Task: When you reach the records below, output every one exactly as written but leave out any pictures.

Listed entries:
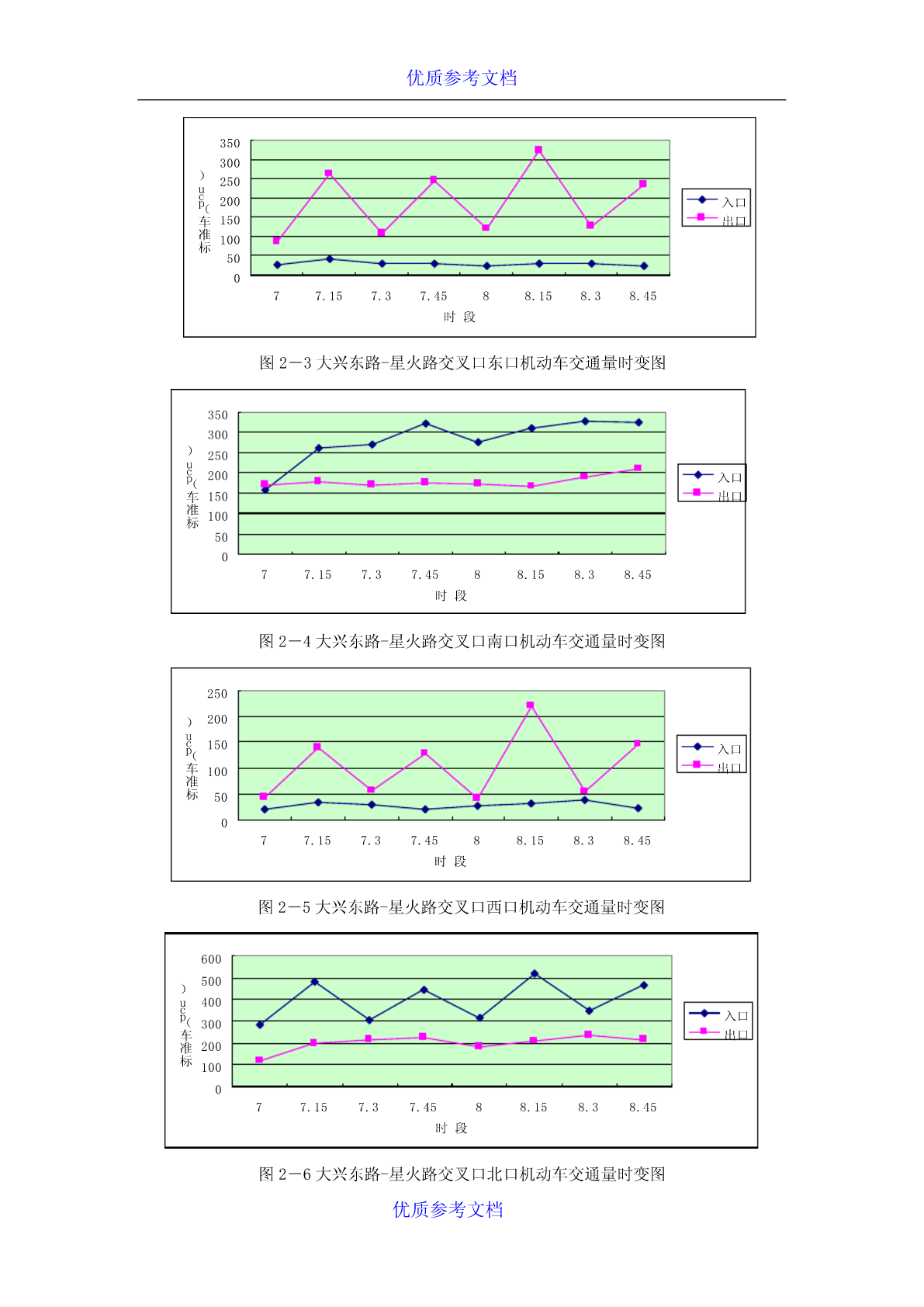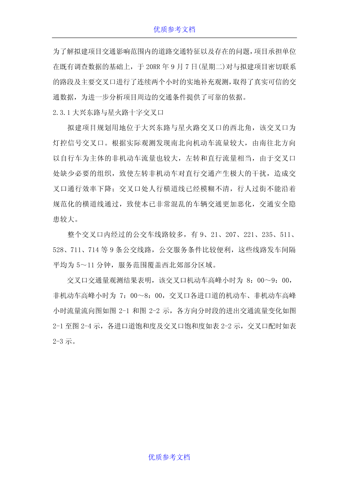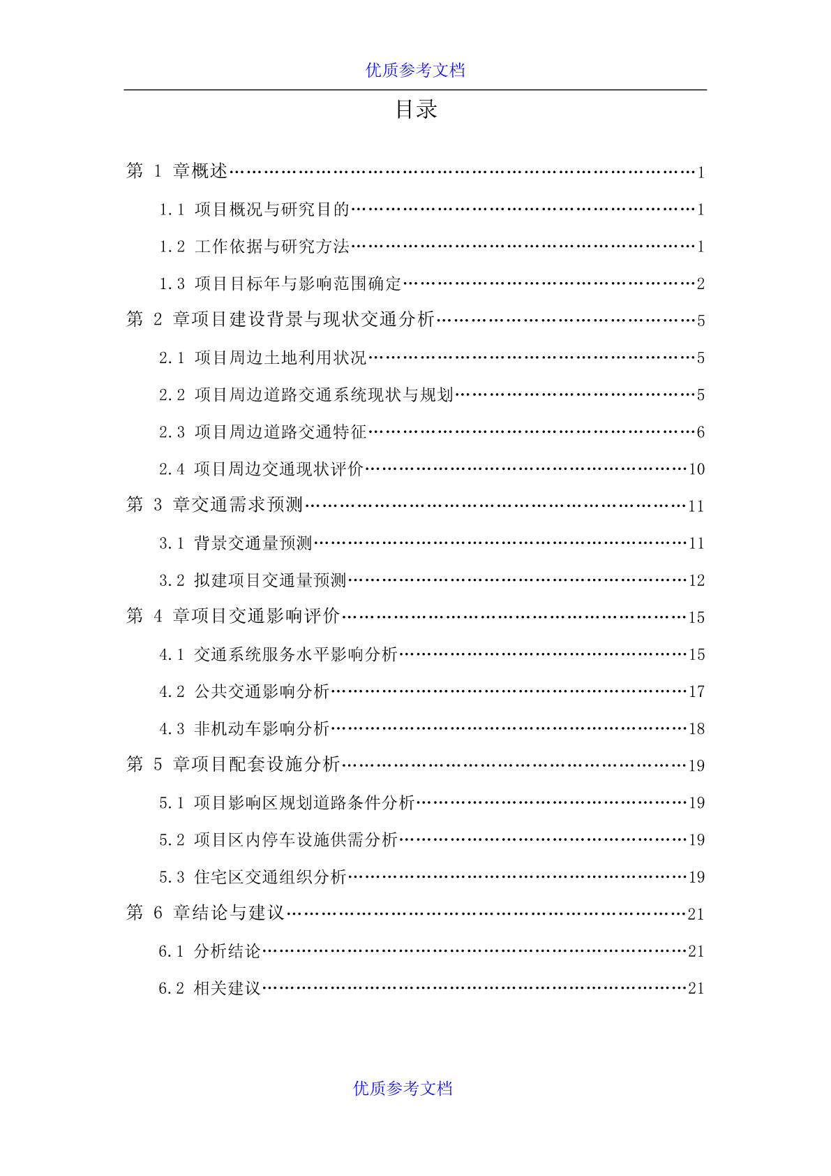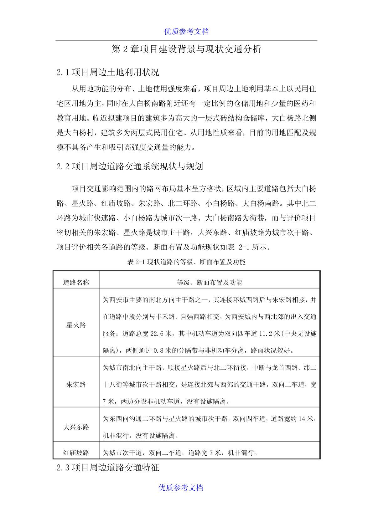 优质参考文档长安大学简介长安大学直属国家教育部,是国家“211工程”重点建设大学。学校以工为主,理工结合,兼有经济、管理、人文多种学科,以培养公路交通、国土资源与环境、建筑工程等专业人才为办学特色。现设有15个学院,2个博士后科研流动站,2个一级学科博士学位授权点,13个二级学科博士学位授权点,41个硕士学位授权点;59个本科专业及专业方向,专业设置覆盖了公路交通、国土资源与环境、建筑工程的绝大部分领域。学校教学设施完善,科研设备先进。现有2个国家级重点学科、8个省部级重点学科、10个省部级重点实验室;具备国家甲级的交通土建工程设计、城市规划、交通评价等资质。长安大学拥有一批包括中国工程院院士、“长江学者奖励计划”特聘教授、博士、硕士生导师在内的学术水平高、在国内外享有盛誉的专家、学者。长安大学交通规划研究独树一帜,处于国内领先地位。获省部级科研成果奖6项,多项科研成果达到国际或国内领先水平。近年来承担的有国家科技部十R五攻关项目、国家西部交通建设项目、美国能源基金会资助项目、霍英东基金资助项目等。具有研究交通规划和城市交通的雄厚基础,交通规划软件齐全,拥有具有国际先进水平的交通规划主流软件EMME/2、TRIPS、TRANSCAD,并具有相应软件的开发能力。实验室具有世界先进的试验设备,如英国ADR数据采集系统、Autoscope交通流量监测系统、Tramble车辆轨迹定位系统、GPS/GIS数据采集和维护系统,为规划工作提供了良好条件。长安大学BRT研究中心是以公交优先研究为重点,兼有城市交通政策、城市交通设施设计、城市交通影响分析等方面工作的专业研究机构该。中心目前承担有美国能源基金会资助项目霍英东基金、资助项目等重大课题在西。安市从事过西安市高架路交通经济研究、西安市社会停车场规划、西安市快速路体系规划、城市交通战略规划、城市轻轨客流量预测、城市BRT发展战略研究等大量交通研究项目,建立有城市交通活动模型。该研究中心拥有研究人40员名,有国外兼职教授指导,并有博士、硕士研究生等专业工作人员30余名。优质参考文档优质参考文档目录第1章概述………………………………………………………………………11.1项目概况与研究目的……………………………………………………11.2工作依据与研究方法……………………………………………………11.3项目目标年与影响范围确定……………………………………………2第2章项目建设背景与现状交通分析………………………………………52.1项目周边土地利用状况…………………………………………………52.2项目周边道路交通系统现状与规划……………………………………52.3项目周边道路交通特征…………………………………………………62.4项目周边交通现状评价…………………………………………………10第3章交通需求预测…………………………………………………………113.1背景交通量预测…………………………………………………………113.2拟建项目交通量预测……………………………………………………12第4章项目交通影响评价……………………………………………………154.1交通系统服务水平影响分析……………………………………………154.2公共交通影响分析………………………………………………………174.3非机动车影响分析………………………………………………………18第5章项目配套设施分析……………………………………………………195.1项目影响区规划道路条件分析…………………………………………195.2项目区内停车设施供需分析……………………………………………195.3住宅区交通组织分析……………………………………………………19第6章结论与建议……………………………………………………………216.1分析结论…………………………………………………………………216.2相关建议…………………………………………………………………21优质参考文档优质参考文档第1章概述1.1项目概况与研究目的西安市红庙坡住宅小区是由西安市第二建筑工程公司承建的建设项目,小区位于大兴东路与星火路交叉口的西北角,该项目规划总平面图已经完成并报至西安市规划局。项目总占地面积3.9公顷(Ha),建筑占地面积10807m2,总建筑面积75212.8m2,建筑密度为27.7%。根据城市交通影响评价试行规定,城市区域内部如此建筑规模的住宅小区应该进行交通影响评价,以保证项目建成后能够拥有一个良好的内部和外部交通环境,对周围路网的交通影响降至最低。因此
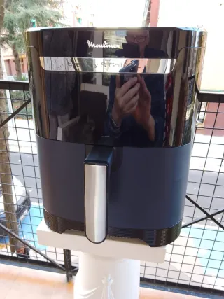 Máquina de cocina Moulinex Easy Fry & Grill. - Diseño moderno en color negro y plateado. - Asa ergonómica para un fácil manejo.
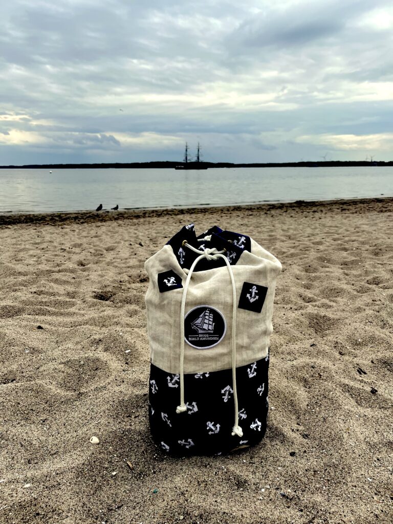 … aus über 100 Jahre altem Leinen in sehr aufwendiger liebevoller Handarbeit gefertigt – ca. 48 cm hoch bei Durchmesser von 25 cm; inklusive Innenfutter, Innentasche mit Reißverschluss sowie gepolstertem Tragegurt. Preis: 45 € zzgl. Versandkosten || Bestellung: Schiffsbüro
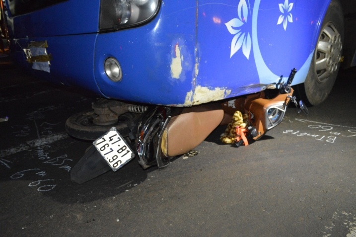 | Chiếc xe máy nằm dưới gầm xe khách. Ảnh: M. Q. |
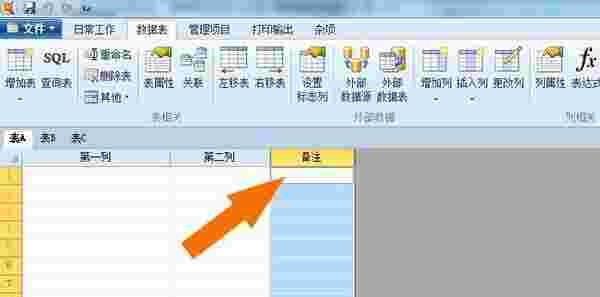 1、打开Foxtable软件,在软件窗口中可看到表格列的默认名称
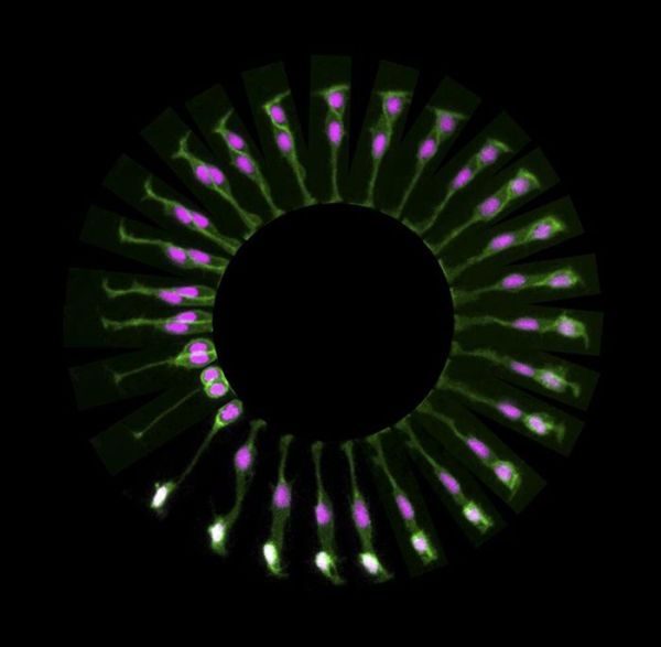 Деление стволовой клетки в мозге рыбы данио-рерио. По мере движения по часовой стрелке видно, как клетка делится на нервную (превращается из фиолетовой в белую) и такую же стволовую (остается фиолетовой). Весь процесс (до полного разделения клеток) занимает около девяти часов.
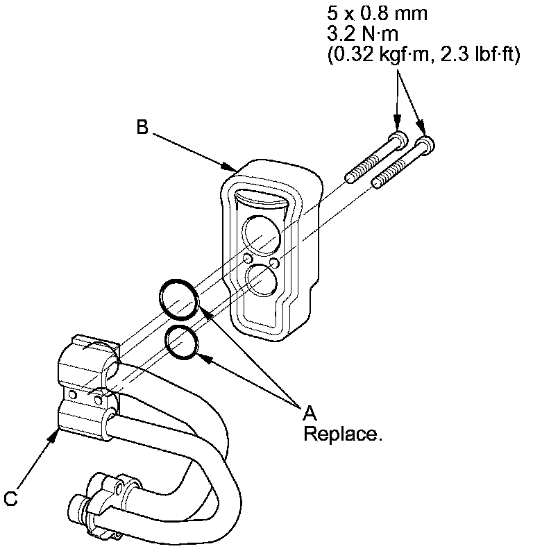 7. Remove the bolts, O-rings (A) and the expansion valve (B) from the inlet and outlet lines (C).

Solved exercise:
 优质参考文档长安大学简介长安大学直属国家教育部,是国家“211工程”重点建设大学。学校以工为主,理工结合,兼有经济、管理、人文多种学科,以培养公路交通、国土资源与环境、建筑工程等专业人才为办学特色。现设有15个学院,2个博士后科研流动站,2个一级学科博士学位授权点,13个二级学科博士学位授权点,41个硕士学位授权点;59个本科专业及专业方向,专业设置覆盖了公路交通、国土资源与环境、建筑工程的绝大部分领域。学校教学设施完善,科研设备先进。现有2个国家级重点学科、8个省部级重点学科、10个省部级重点实验室;具备国家甲级的交通土建工程设计、城市规划、交通评价等资质。长安大学拥有一批包括中国工程院院士、“长江学者奖励计划”特聘教授、博士、硕士生导师在内的学术水平高、在国内外享有盛誉的专家、学者。长安大学交通规划研究独树一帜,处于国内领先地位。获省部级科研成果奖6项,多项科研成果达到国际或国内领先水平。近年来承担的有国家科技部十R五攻关项目、国家西部交通建设项目、美国能源基金会资助项目、霍英东基金资助项目等。具有研究交通规划和城市交通的雄厚基础,交通规划软件齐全,拥有具有国际先进水平的交通规划主流软件EMME/2、TRIPS、TRANSCAD,并具有相应软件的开发能力。实验室具有世界先进的试验设备,如英国ADR数据采集系统、Autoscope交通流量监测系统、Tramble车辆轨迹定位系统、GPS/GIS数据采集和维护系统,为规划工作提供了良好条件。长安大学BRT研究中心是以公交优先研究为重点,兼有城市交通政策、城市交通设施设计、城市交通影响分析等方面工作的专业研究机构该。中心目前承担有美国能源基金会资助项目霍英东基金、资助项目等重大课题在西。安市从事过西安市高架路交通经济研究、西安市社会停车场规划、西安市快速路体系规划、城市交通战略规划、城市轻轨客流量预测、城市BRT发展战略研究等大量交通研究项目,建立有城市交通活动模型。该研究中心拥有研究人40员名,有国外兼职教授指导,并有博士、硕士研究生等专业工作人员30余名。优质参考文档优质参考文档目录第1章概述………………………………………………………………………11.1项目概况与研究目的……………………………………………………11.2工作依据与研究方法……………………………………………………11.3项目目标年与影响范围确定……………………………………………2第2章项目建设背景与现状交通分析………………………………………52.1项目周边土地利用状况…………………………………………………52.2项目周边道路交通系统现状与规划……………………………………52.3项目周边道路交通特征…………………………………………………62.4项目周边交通现状评价…………………………………………………10第3章交通需求预测…………………………………………………………113.1背景交通量预测…………………………………………………………113.2拟建项目交通量预测……………………………………………………12第4章项目交通影响评价……………………………………………………154.1交通系统服务水平影响分析……………………………………………154.2公共交通影响分析………………………………………………………174.3非机动车影响分析………………………………………………………18第5章项目配套设施分析……………………………………………………195.1项目影响区规划道路条件分析…………………………………………195.2项目区内停车设施供需分析……………………………………………195.3住宅区交通组织分析……………………………………………………19第6章结论与建议……………………………………………………………216.1分析结论…………………………………………………………………216.2相关建议…………………………………………………………………21优质参考文档优质参考文档第1章概述1.1项目概况与研究目的西安市红庙坡住宅小区是由西安市第二建筑工程公司承建的建设项目,小区位于大兴东路与星火路交叉口的西北角,该项目规划总平面图已经完成并报至西安市规划局。项目总占地面积3.9公顷(Ha),建筑占地面积10807m2,总建筑面积75212.8m2,建筑密度为27.7%。根据城市交通影响评价试行规定,城市区域内部如此建筑规模的住宅小区应该进行交通影响评价,以保证项目建成后能够拥有一个良好的内部和外部交通环境,对周围路网的交通影响降至最低。因此
 Máquina de cocina Moulinex Easy Fry & Grill. - Diseño moderno en color negro y plateado. - Asa ergonómica para un fácil manejo.
 … aus über 100 Jahre altem Leinen in sehr aufwendiger liebevoller Handarbeit gefertigt – ca. 48 cm hoch bei Durchmesser von 25 cm; inklusive Innenfutter, Innentasche mit Reißverschluss sowie gepolstertem Tragegurt. Preis: 45 € zzgl. Versandkosten || Bestellung: Schiffsbüro
 | Chiếc xe máy nằm dưới gầm xe khách. Ảnh: M. Q. |
 1、打开Foxtable软件,在软件窗口中可看到表格列的默认名称
 Деление стволовой клетки в мозге рыбы данио-рерио. По мере движения по часовой стрелке видно, как клетка делится на нервную (превращается из фиолетовой в белую) и такую же стволовую (остается фиолетовой). Весь процесс (до полного разделения клеток) занимает около девяти часов.
 7. Remove the bolts, O-rings (A) and the expansion valve (B) from the inlet and outlet lines (C).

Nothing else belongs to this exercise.